PROBLEM TO SOLVE> Your answer must be the lines of the material below, exactly as written, from its first line through the line with "Utilice estas prácticas", and no pictures.

GIVEN DATA>

****************

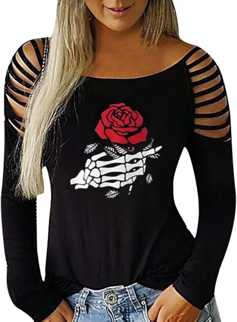 Damen Damen Strass Hohle Oberteile Langarm T Shirt Schulterfrei Party Blusen Top Shirt Kleidung Accessoires Sticisce Sredisce Si
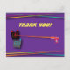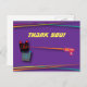 Utilice estas prácticas tarjetas postales para decir gracias por venir a su fiesta de tag de láser. Personalice la parte delantera y trasera con su propio mensaje. El diseño tiene rayos láser disparando en diferentes direcciones. Una pistola phaser está disparando hacia un chaleco negro y rojo. Este diseño se coordina con esta invitación:
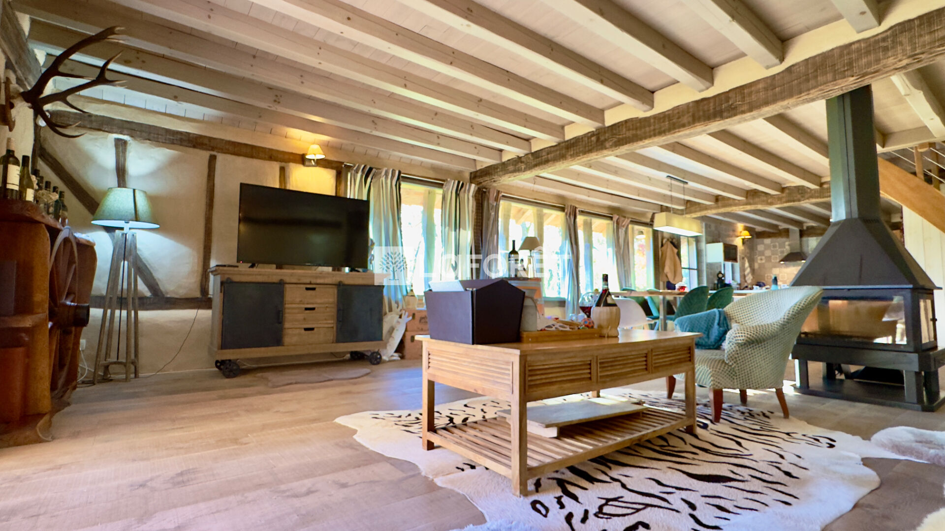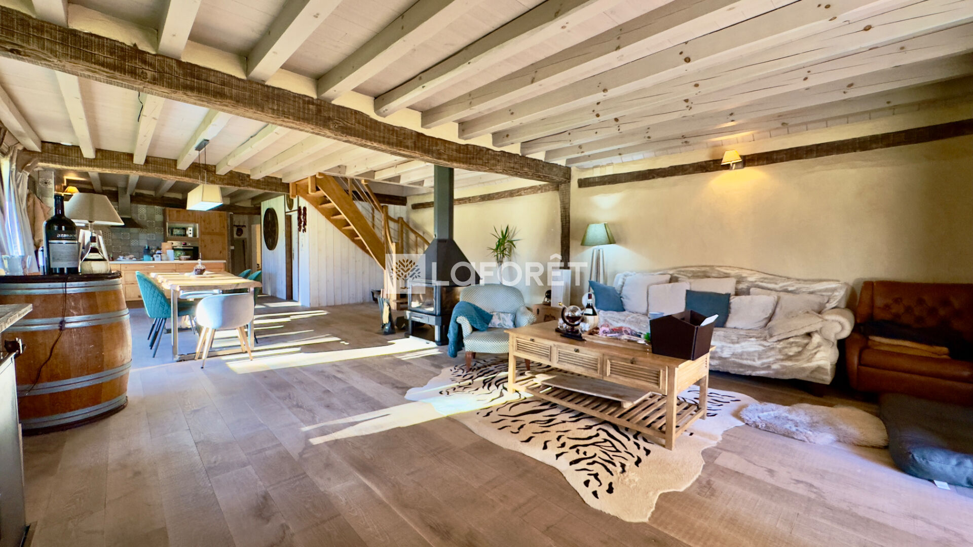 Elle développe environ 170 m² habitables et propose une vaste pièce de vie d'environ 80 m² avec séjour et cuisine ouverte, lumineuse et fonctionnelle. Cet espace bénéficie d'un chauffage au sol alimenté par une pompe à chaleur, complété par un poêle à bois central multiface, apportant confort et convivialité.
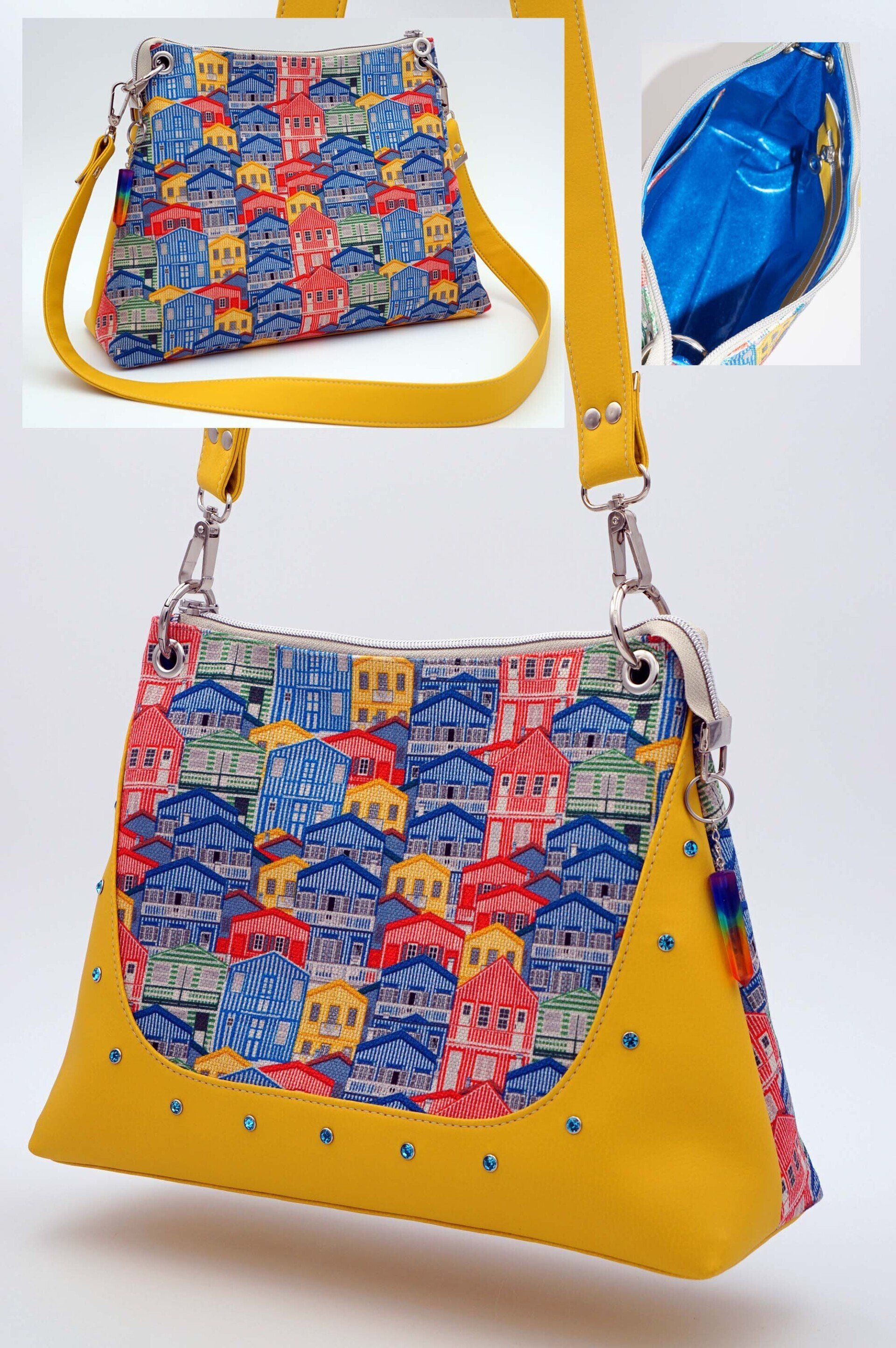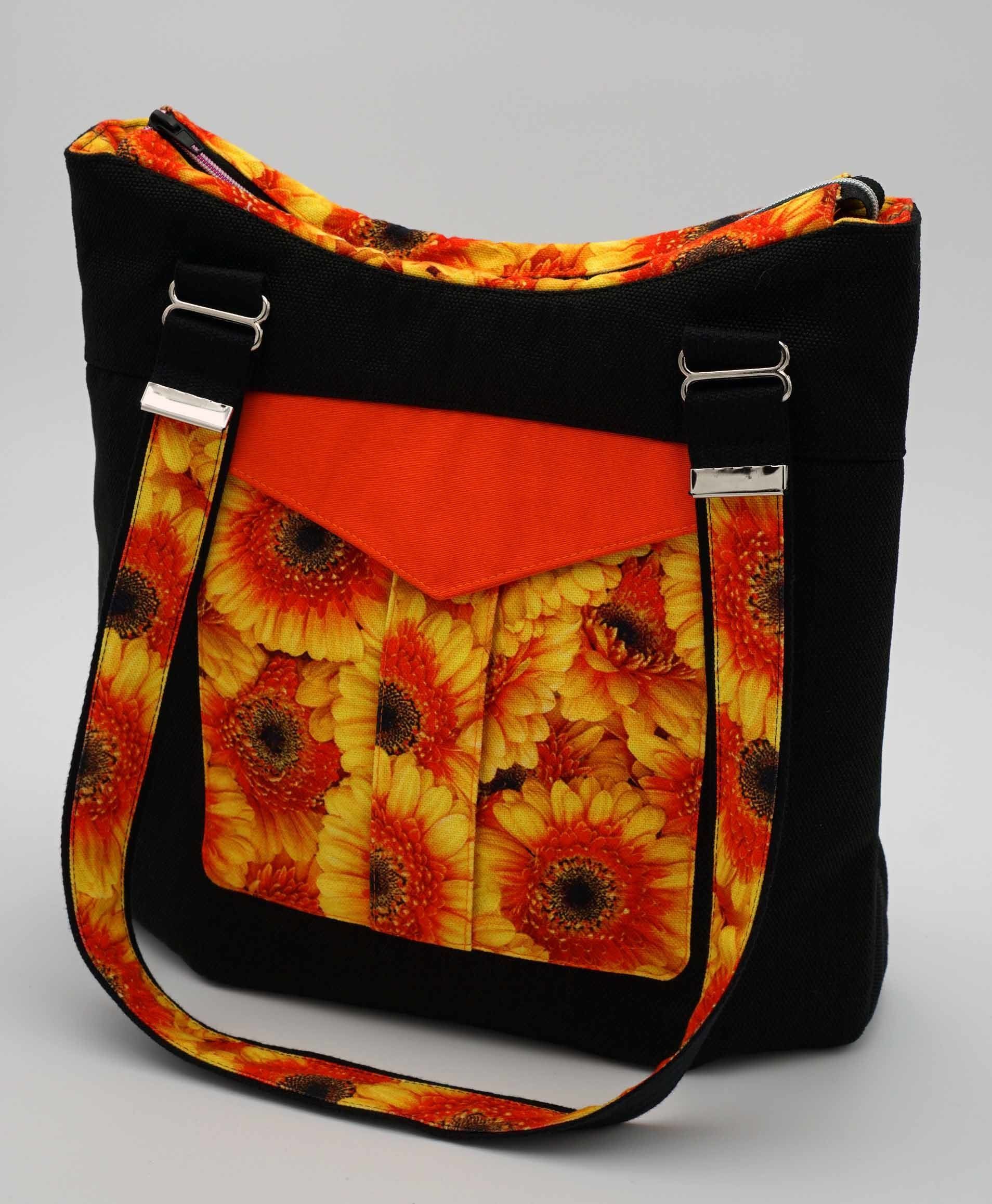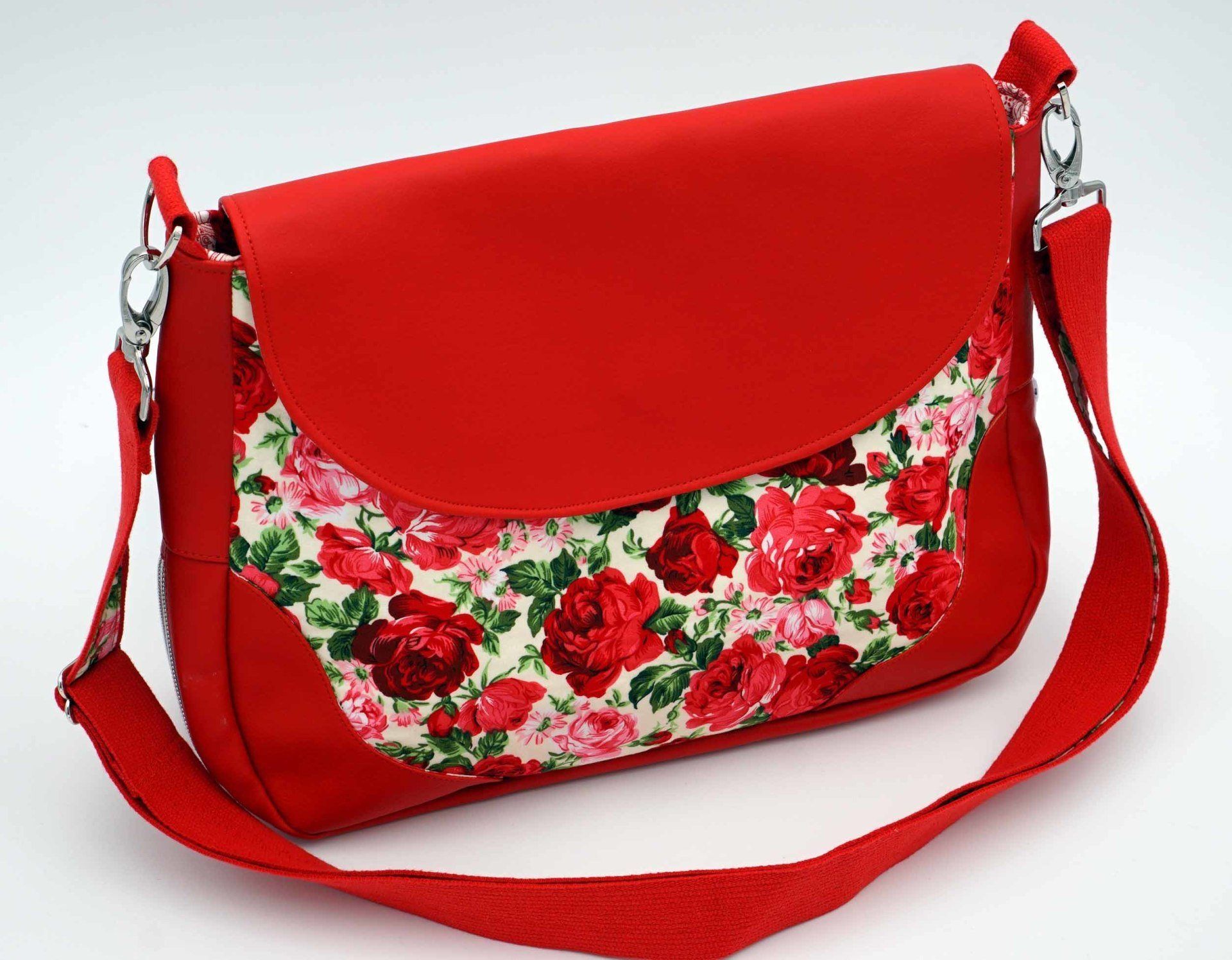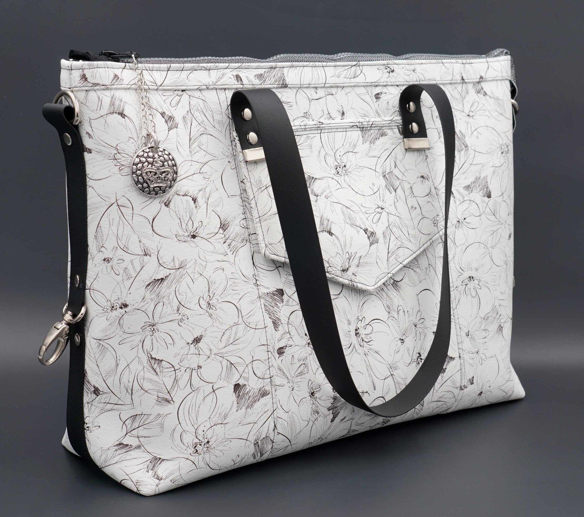 ButtonTasche Sadie (Swoonpatterns), 22x33x7 cm, Material Baumwolle/Kunstleder, Innenfutter Baumwolle, Außen- und Innentasche, Erweiterungsfalte unten mit Reißverschluß, Magnetknopf außen

****************

SOLUTION TO THIS TASK>
 Damen Damen Strass Hohle Oberteile Langarm T Shirt Schulterfrei Party Blusen Top Shirt Kleidung Accessoires Sticisce Sredisce Si
 Utilice estas prácticas tarjetas postales para decir gracias por venir a su fiesta de tag de láser. Personalice la parte delantera y trasera con su propio mensaje. El diseño tiene rayos láser disparando en diferentes direcciones. Una pistola phaser está disparando hacia un chaleco negro y rojo. Este diseño se coordina con esta invitación:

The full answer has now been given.